Twórcą produkcji jest Charlie Brooker – felietonista Guardiana i baczny obserwator i komentator życia społecznego i rozwoju nowych technologii. Serial nadawał brytyjski Channel 4.

Akcja każdego z odcinków dzieje się w bliżej nieokreślonej przyszłości jednak nie mamy wątpliwości, że jest to raczej przyszłość nam bliższa niż dalsza. Serialu nie musimy oglądać po kolei, gdyż każdy epizod przedstawia zupełnie inną historię. A każda z nich jest równie problematyczna i wieloznaczna moralnie. Mamy więc poruszane kwestię zoofilii jako sztuki, totalnie ztabloidyzowanego społeczeństwa, gdzie każdy marzy o wygraniu talent show, manipulowaniu ludzką pamięcią za pomocą wczepianego urządzenia, „klonowania” zmarłych, niecodziennych sposobów karania skazanych w Parkach Sprawiedliwości, czy bezmyślnego głosowania w wyborach na niebieskiego misia.

Głosujesz?

Serial rzeczywiście jest wstrząsający biorąc pod uwagę jak szybko rozwija się technologia i jak daleko posuwają się niektórzy artyści, by tworzyć „sztukę”. Przy każdym odcinku natychmiast uruchamia nam się myślenie. To wszystko wydaje się takie nieodległe. Co jeśli za chwilę my będziemy mogli skorzystać z takiego ZIARNA i odtwarzać obrazy z pamięci niczym z aparatu fotograficznego? Albo jeśli pojawi się możliwość „przywrócenia” naszych zmarłych najbliższych? Oglądając ten serial musimy wraz z bohaterami, stawić czoła wszelkim konsekwencjom.  Obserwujemy wysiłek z jakim starają się sprostać próbie, na którą zostali wystawieni. To bardzo męczące, zarówno dla nich jak i dla widza. My bowiem także gorączkowo szukamy wyjścia z sytuacji. Najgorszy jest fakt, że niemal nigdy nie dochodzimy do jednoznacznej konkluzji.  Zostajemy wplątani w sytuacje bez wyjścia, gdzie można wybierać tylko między rzeczami mniej lub bardziej wątpliwymi moralnie. Czujemy się zamknięci w tej pułapce razem z bohaterem. Wiemy, że w którąkolwiek stronę się zwróci, nie dostanie upragnionego happy endu. Obok przyjemności płynącej z oglądania dobrej produkcji doświadczamy jednocześnie dyskomfortu, niedowierzania i obawy o to dokąd zmierza nasza cywilizacja.

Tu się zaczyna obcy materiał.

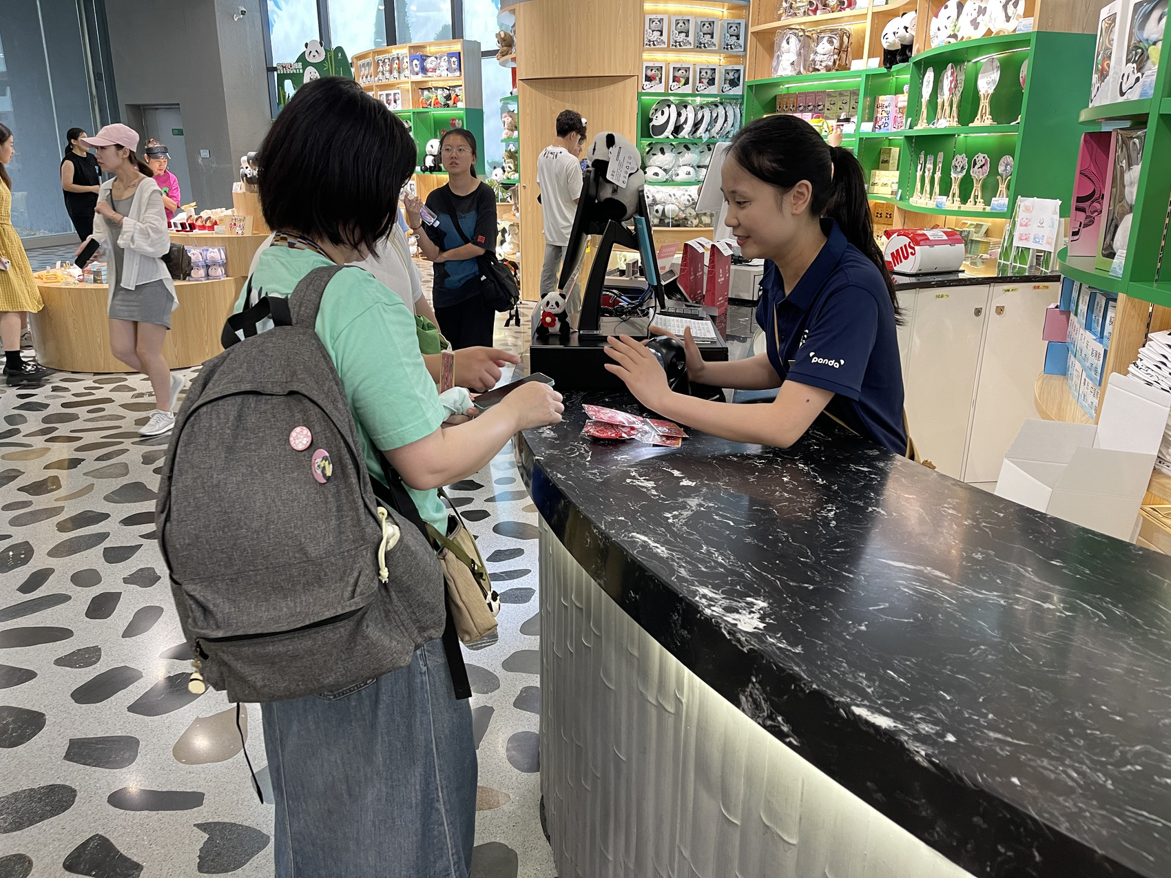 “滴!”伴随扫码支付的清脆声响,参与此次“‘你好!中国·安逸四川’日本旅行商走进四川暨大熊猫‘香香’再会之旅”活动的日本旅行商代表二木繁美将选购的数件熊猫纪念品从容收入行囊。
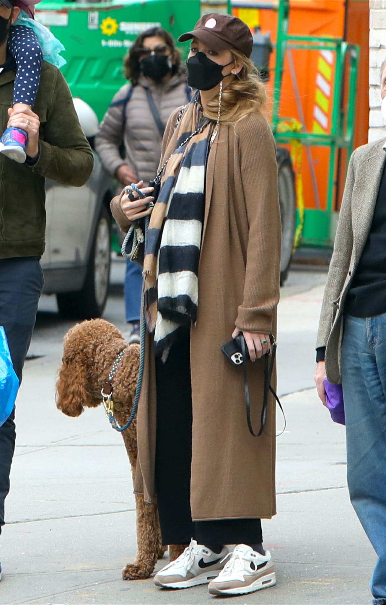 Holding their family dog’s leash in one hand, the mom-of-three styled her blonde hair in a loose wavy ponytail and wore barely-there makeup.

To nie jest kraj dla dobrych i miłych ludzi. Nawet, gdy śpiewają piękne piosenki
Przed wami... Najbardziej wkurzający ludzie w całej serii. 

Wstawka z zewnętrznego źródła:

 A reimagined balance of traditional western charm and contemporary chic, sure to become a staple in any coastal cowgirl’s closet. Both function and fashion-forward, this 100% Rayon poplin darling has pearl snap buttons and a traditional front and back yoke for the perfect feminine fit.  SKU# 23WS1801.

Przerażająca jest wizja całego społeczeństwa jaka wyłania się z serialu. To ludzie bezmyślni, niemal bezwolni, wgapieni w monitory telewizorów, komputerów, tabletów i innych nowoczesnych urządzeń. W pierwszym odcinku wszyscy obywatele wyczekują z napięciem czy ich premier spełni żądania szantażysty i będzie uprawiał w publicznej telewizji seks ze świnią. W innym wszyscy, zamiast pomóc ściganej kobiecie, tylko robią jej zdjęcia. Ze wszystkich stron tylko blask, flesz za fleszem. Niczym współcześni domorośli paparazzi przy ofierze wypadku. Była to najbardziej creepy rzecz jaką widziałam w tym serialu. Co prawda później dostajemy wyjaśnienie ale sama nie jestem w stanie stwierdzić, czy tylko nie pogarsza (zamienia w jeszcze bardziej creepy) ono całego obrazu. Widzimy też jak wszyscy są gotowi głosować w wyborach na wirtualnego misia o błaznowatym sposobie bycia i ciętym języku. A wyobraźcie sobie świat, w którym ludzie są zmuszani do oglądania porno w telewizji! Raj? Absolutnie nie!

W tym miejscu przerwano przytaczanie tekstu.